Either $\limsup_{x \rightarrow \infty} {f'(x) \over x} > 2L$ or $\liminf_{x \rightarrow \infty} {f'(x) \over x} < 2L$. We focus on the first case; afterwards we will indicate the modifications needed in the latter case.

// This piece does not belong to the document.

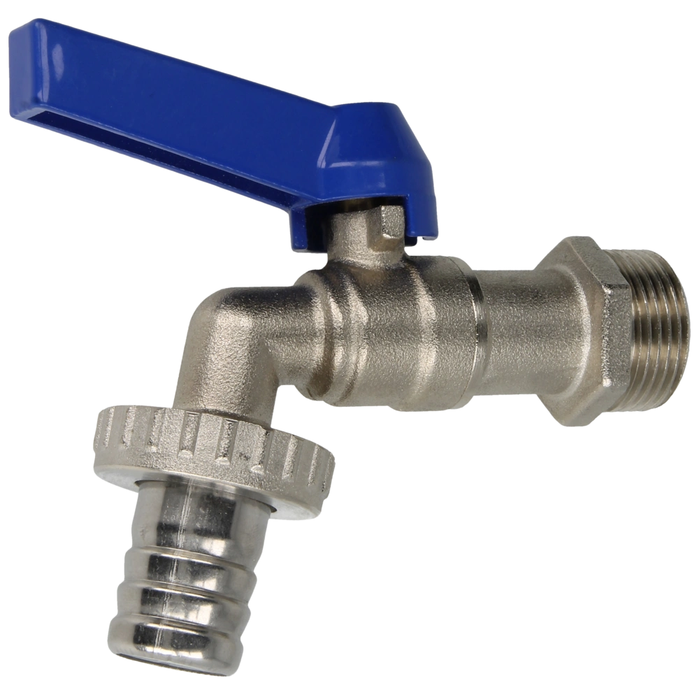 Das Kugelauslaufventil verfügt über einen blauen Alu-Druckguss-Hebel und eine Schlauchverschraubung. Es wird für Sanitärinstallationen eingesetzt.

So there are $x_n \rightarrow \infty$ and $\epsilon > 0$ such that $${f'(x_n) \over x_n} > 2L + 3\epsilon$$ Since $f'(x)$ is increasing by convexity of $f$, there is a $\delta > 0$ depending only on $L$ and $\epsilon$ such that for $x \in [x_n, (1 + \delta)x_n]$ you have $${f'(x) \over x} > 2L + 2\epsilon $$ Note that $$x\bigg({f(x) \over x^2}\bigg)' = {f'(x) \over x} - 2{f(x) \over x^2}$$ Since $\lim_{x \rightarrow \infty} {f(x) \over x^2} = L$, if $n$ is large enough, then for $x \in [x_n, (1 + \delta)x_n]$ one has $$x\bigg({f(x) \over x^2}\bigg)' > \epsilon$$ Which is the same as $$\bigg({f(x) \over x^2}\bigg)' > {\epsilon \over x}$$ Integrating this from $x_n$ to $y_n = (1 + \delta)x_n$ gives $${f(y_n) \over y_n^2} - {f(x_n) \over x_n^2} > \epsilon \ln(1 + \delta)$$ Since this holds for $x_n \rightarrow \infty$, this contradicts that $\lim_{x \rightarrow \infty} {f(x) \over x^2} = L$ and we're done.

In the case where you have $\liminf_{x \rightarrow \infty} {f'(x) \over x} < 2L$, you can do the same basic argument, using $y_n = (1 - \delta)x_n$ for appropriate $\delta$ instead of $y_n = (1 + \delta)x_n$.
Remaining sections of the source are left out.